By bringing your own pack lunch and snacks, you avoid picking at snacks others may offer you that are not healthy.
In my kitchen, you will rarely find me throwing away anything.
Do not waste ingredients or products you buy.
Fruits, vegetables, breads, soups, curries – these can all be frozen if you think you will not eat them immediately.
A great way to use up vegetables is to whiz them up into a soup!
Be organised in your kitchen so you are fully aware of the various essentials you have.
Often when our cupboards are messy, we end up buying two lots of the same spices or flour, only for most to be thrown out because we don’t actually end up using them.
Supermarket own brand products
We often find ourselves looking down at supermarket own branded products simply because we equate quality with the price.
While this is true on some occasions, many foods that are supermarket own brand are cheaper and have the exact same quality.
A good example is a bag of oats: oats are oats regardless of the brand. The extra pennies are usually just for the prettier packaging and marketing.
Buy frozen fruit and vegetables
Opting for frozen fruit and vegetables can help you save as you can buy products in bulk and leave them in your freezer.
The nutritional value added to your meals will be exactly the same as if you were buying fresh.
Alternatively, you could buy the fresh stuff and throw it into your freezer if you think you won’t use it anytime soon.
Shop in ethnic stores or markets
Various spices, lentils, beans and flour are often imported from abroad; when they land in our supermarkets they are priced incredibly steeply compared to ethnic stores or markets.
A google search can often find stores that will sell the same products but with a nicer price tag.
Ask friends from different cultures if they can point you in the right direction. You may well be pleasantly surprised!
Plan your meals
Planning is a must to help you eat healthy on a budget. Meal planning on a budget will help you reduce down the amount of money you spend on food, cut down on waste and stay on track with you healthy eating.
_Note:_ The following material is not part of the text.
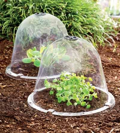 Establish vegetation earlier than ever with bell cloche protection. Soil is warmed while plants stay safe from weather/pests/wildlife. Clear, curved surface provides minimum reflection/maximum light penetration. UV-stabilized polystyrene construction. Adjustable vent. Stack for easy storage.

Planning your weekly meals in advance helps you to prepare meals, such as lunch, before hand.
Deciding what you want to eat for the week and then popping along to the supermarket for your food shop will help you focus your food shop on just the items that you need.
Meal planning helps avoid quick trips to the pizza shop when you don’t know what to make for dinner.
- Have a list of recipes that you enjoy eating, are healthy and are inexpensive to create.
- Write these recipes on their own index card or document. Keep a list of ingredients and how much are needed.
- On a weekly or monthly basis, pick out which recipes you want to have for each meal time, keeping in mind how long they take to make and what the general cost will be of that meal.
Write a shopping list
Key tip: Never leave the house without a shopping list and don’t go shopping when you are hungry!
Let’s be honest, when your yummy is rubbling anything and everything will seem appealing!
Once you have a meal plan for the week, you can put together a shopping list of the ingredients you need as well as other essentials you might be running low on.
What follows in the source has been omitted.